In the midst of the anticoagulant bleeding risk litigation and the pending approval of a bleeding antidote, Boehringer Ingelheim Pharmaceuticals has made another major Pradaxa announcement. The German pharmaceutical giant is now seeking FDA approval to treat patients who have recently undergone hip replacement surgery for deep vein thrombosis (DVT) and pulmonary embolism (PE) with Pradaxa.

Boehringer Ingelheim recently submitted a supplemental new drug application (sNDA) to the FDA and hopes to be approved to treat blood-clotting in patients who have recently undergone hip replacement surgery. If the FDA approves this request, Pradaxa will officially be approved to treat four conditions, with the others being: stroke, atrial fibrillation, and blood clotting in patients who underwent knee replacement surgery.

Spectating legal experts are not surprised by this development, as the recent litigation drama surrounding Pradaxa and the other new-generation anticoagulants has been mostly negative. Essentially, the goal of the blood-thinner manufacturers is to not only ensure its market value, but to continuously maintain that the benefits of their drug outweigh the risks.

Recently, Boehringer Ingelheim Pharmaceuticals settled a majority of its Pradaxa lawsuits in May 2014 for $650 million, which paid out approximately 4,000 cases that had been filed in state and federal courts; the Pradaxa settlement value was approximately $160,000 per lawsuit. These Pradaxa lawsuits alleged that Pradaxa carried a high risk of uncontrollable internal bleeding, but had failed to mention the fact on the drug’s label.

After numerous severe injury and death claims were filed in regards to Pradaxa bleeding, they were consolidated into one multidistrict litigation (MDL) in August 2012 in the U.S. District Court of Southern Illinois before Judge David R. Herndon. Despite the massive Pradaxa settlement and the thousands of Pradaxa bleeding claims, Boehringer Ingelhim Pharmaceuticals denies any misconduct or unlawful activity, stating that the settlement will allow the company to move forward and no longer be distracted by the litigation.

Earlier, the German pharmaceutical company announced that it had a Pradaxa bleeding antidote on the FDA’s fast-track approval process, which will hopefully prevent any future internal bleeding emergencies. With this new use approval process started, Boehringer Ingelheim Pharmaceuticals is aiming to completely move past the legal issues and focus on the future of Pradaxa.
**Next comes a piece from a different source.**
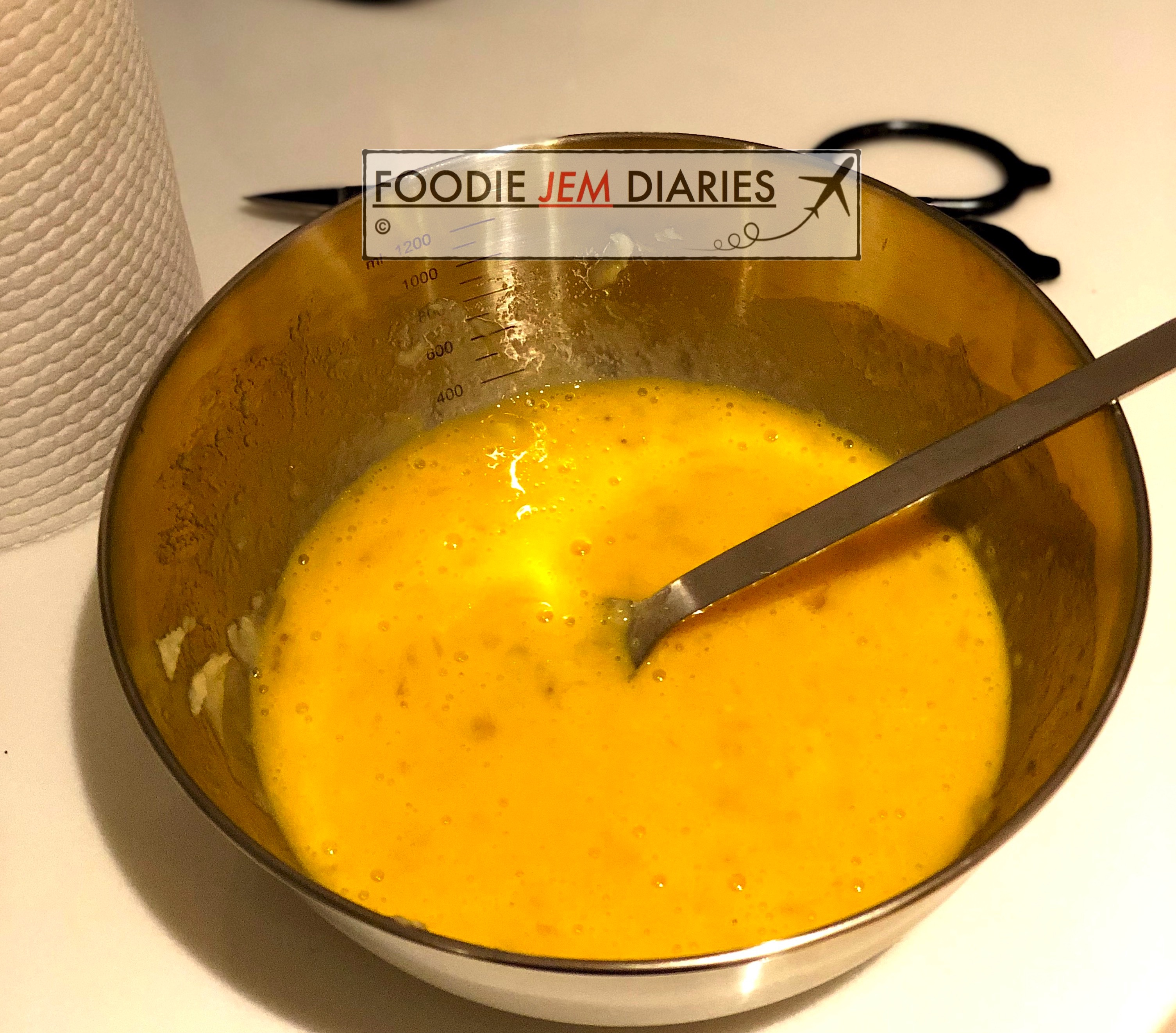 - Crack in the 2 eggs into the purée and whisk until well combined.

Overview of New Anticoagulant Complications

Unfortunately for Boehringer Ingelheim Pharmaceuticals, new generation anticoagulants have disappointed many patients and the medical community. Almost as soon as Pradaxa litigation died down, Xarelto was there to take its place, as its manufacturer also faces thousands of lawsuits concerning bleeding claims. Xarelto was approved for the market a year after Pradaxa and was a joint drug effort by Bayer Pharmaceuticals and Janssen Pharmaceuticals, a Johnson & Johnson subsidiary. The pharmaceutical companies created Xarelto to be a direct competitor to Pradaxa, after seeing the success Pradaxa brought to Boehringer Ingelheim Pharmaceuticals.

It is important to note that Pradaxa was the first anticoagulant to be approved since Warfarin in the United States. So when Pradaxa was approved for market, it was considered a huge success in the pharmaceutical community, as patients now had options for which anticoagulant they would like as a blood thinning treatment. Not only was Pradaxa advertised to be more efficient than Warfarin, but it was also supposedly hassle-free for the patients.
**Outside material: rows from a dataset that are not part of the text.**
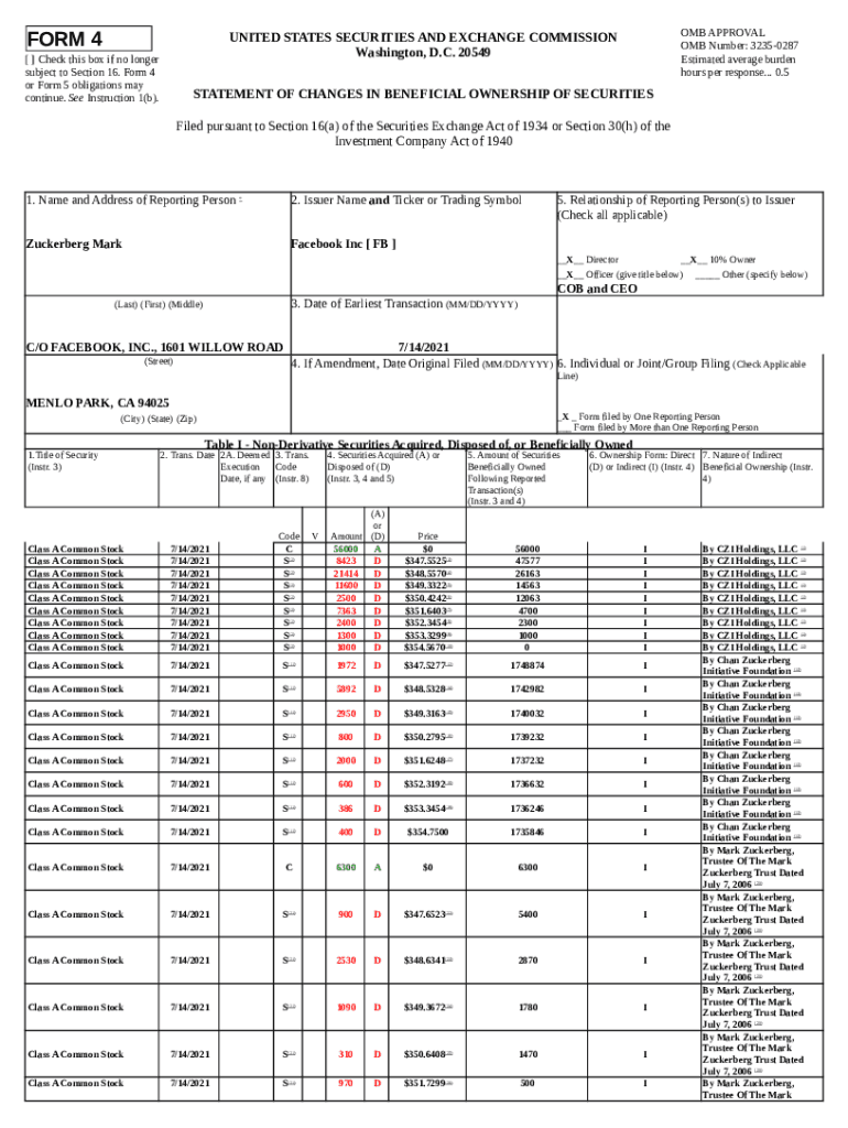 Instructions for the form Facebook Inc (: 4, Received: 07/14/2021 21:08:18)
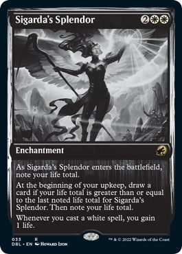 At the beginning of your upkeep, draw a card if your life total is greater than or equal to the last noted life total for Sigarda’s Splendor. Then note your life total. Whenever you cast a white spell, you gain 1 life. |
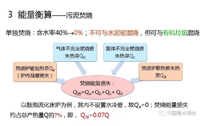 單獨(dú)焚燒,含水率40%~0%。不可與水泥窯混燒,但可與有機(jī)垃圾混燒。焚燒有熱量損失,焚燒爐輸出的熱量,比如說爐內(nèi)壁掛損失、焚燒爐散熱損失等等,所有損失加在一起,以鼓泡流化床為例,大概就是7%,即占焚燒產(chǎn)生熱量的7%,這都是有文獻(xiàn)可查的。污泥焚燒也產(chǎn)生熱量,這個(gè)熱量主要跟有機(jī)質(zhì)有關(guān),這個(gè)是計(jì)算公式。我們國家有機(jī)質(zhì)含量比較低,在30%~60%的范圍,我們計(jì)算時(shí)取污泥有機(jī)質(zhì)含量中間值53%,北京大概是60%。計(jì)算污泥燃燒熱為1.2GJ/kgDS。這是不同國家污泥燃燒值,中國大概在個(gè)范圍,平均是11850kJ/kgDS。我們的計(jì)算跟這個(gè)1.185GJ/kgDS基本接近,這都是從文獻(xiàn)來的數(shù)據(jù)。這樣經(jīng)過計(jì)算以后,污泥脫水+干化+焚燒,脫水要輸入能量,干化要輸入能量,焚燒產(chǎn)生能量;最后的結(jié)果會(huì)發(fā)現(xiàn)總耗能是3091度電每噸干固體??偖a(chǎn)能11.1GJ,利用熱電聯(lián)產(chǎn)轉(zhuǎn)換為電當(dāng)量為2467度電。也就是說整個(gè)工藝的能量輸入為624度電。下面是詳細(xì)的計(jì)算表,不講了。
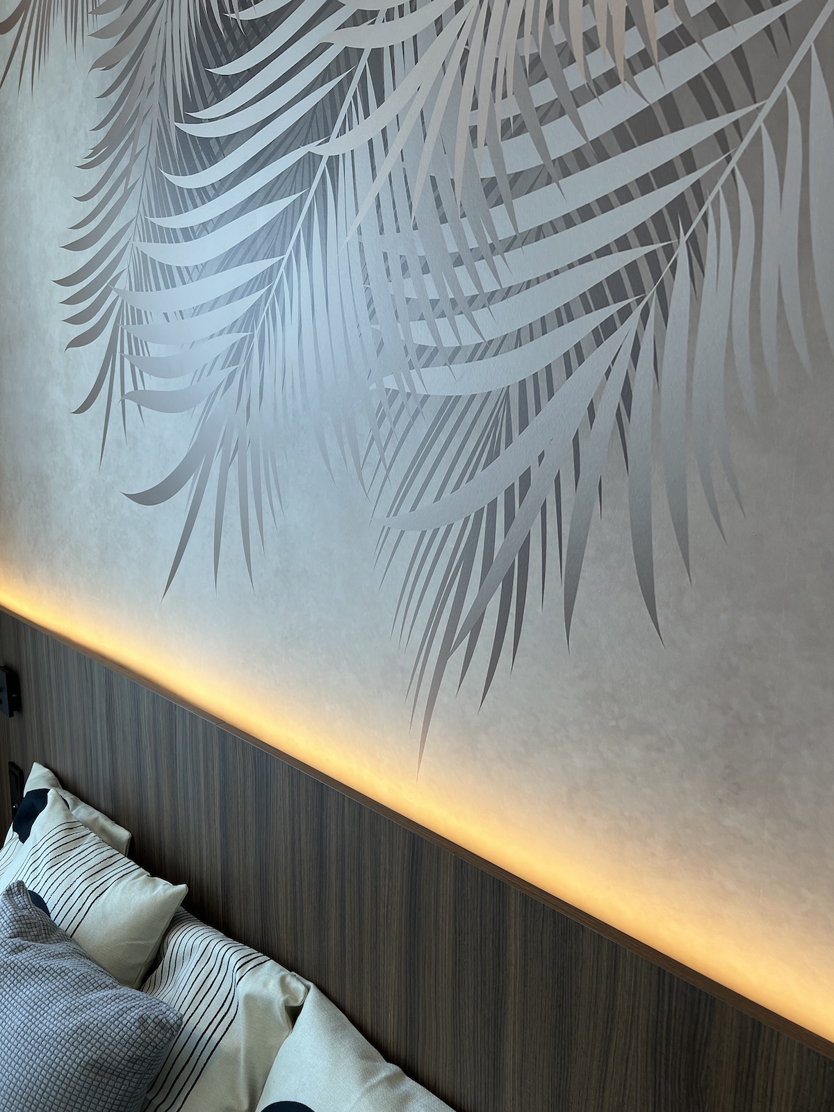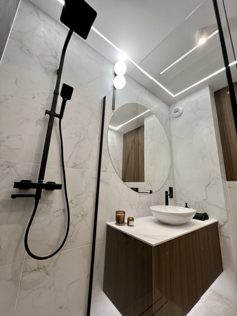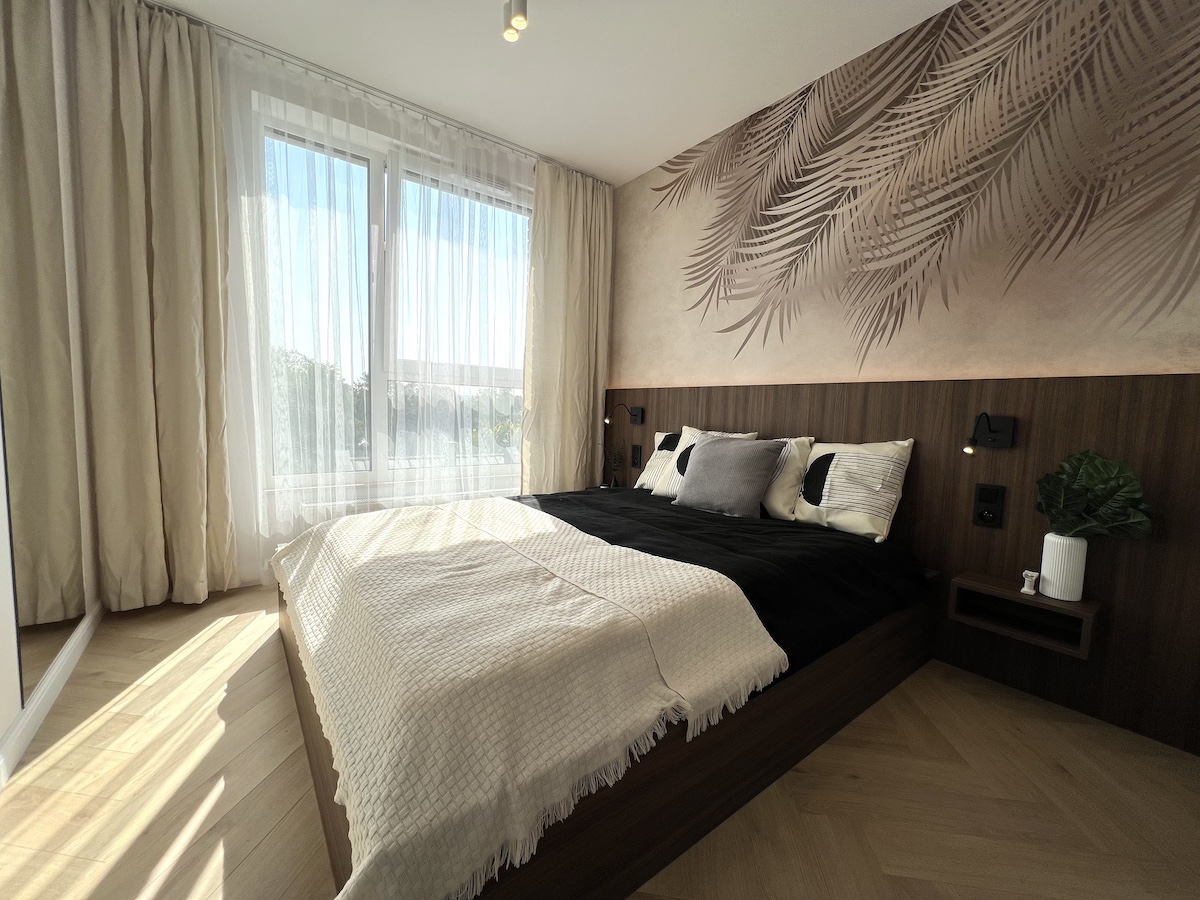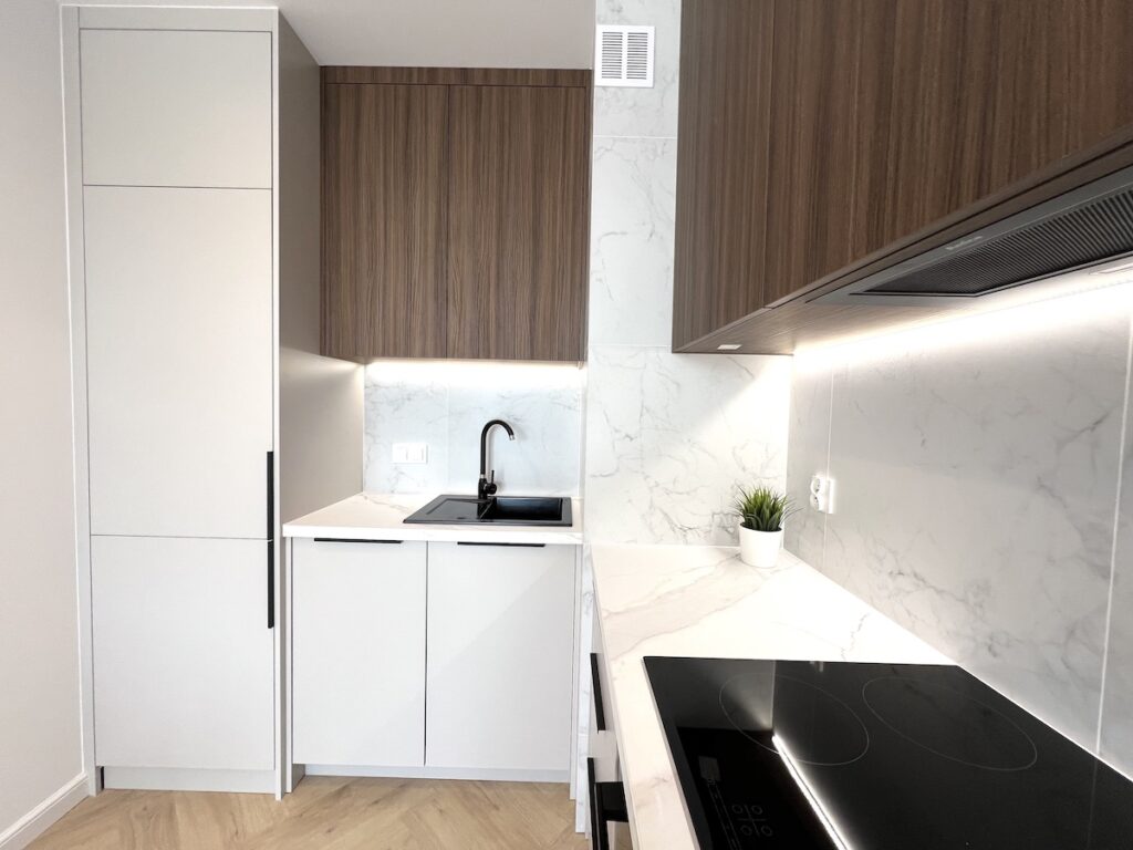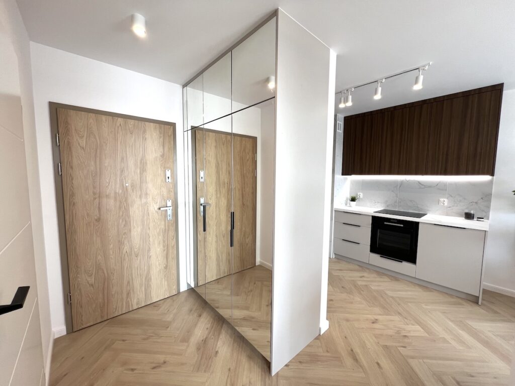 To mieszkanie o powierzchni 36m2 zrealizowaliśmy kompleksowo pod klucz, maksymalnie wykorzystując powierzchnię. Razem z klientami zdecydowaliśmy się na zabudowy meblowe w kolorze ciemny orzech i kaszmir. Ścianę w strefie dziennej wykończyliśmy tapetą z motywem liści, która dominuje również w sypialni. Zastosowaliśmy również gzyms sufitowy z oświetleniem LED.

Unlike Warfarin, Pradaxa did not require patient to undergo frequent dose adjustments and doctor appointments; however, Pradaxa also lacked a certain safety feature. In the case of a Warfarin internal bleeding even, a doctor could apply Vitamin K to halt the complication; the lack of a Pradaxa antidote has allegedly caused severe injuries in numerous patients.

However instead of warning patients of this internal bleeding danger, Boehringer Ingelheim allegedly chose to omit this information from Pradaxa’s warning label. Patients claim that it was because the company was trying to preserve the product’s market value, prioritizing the success of their drug over patient safety.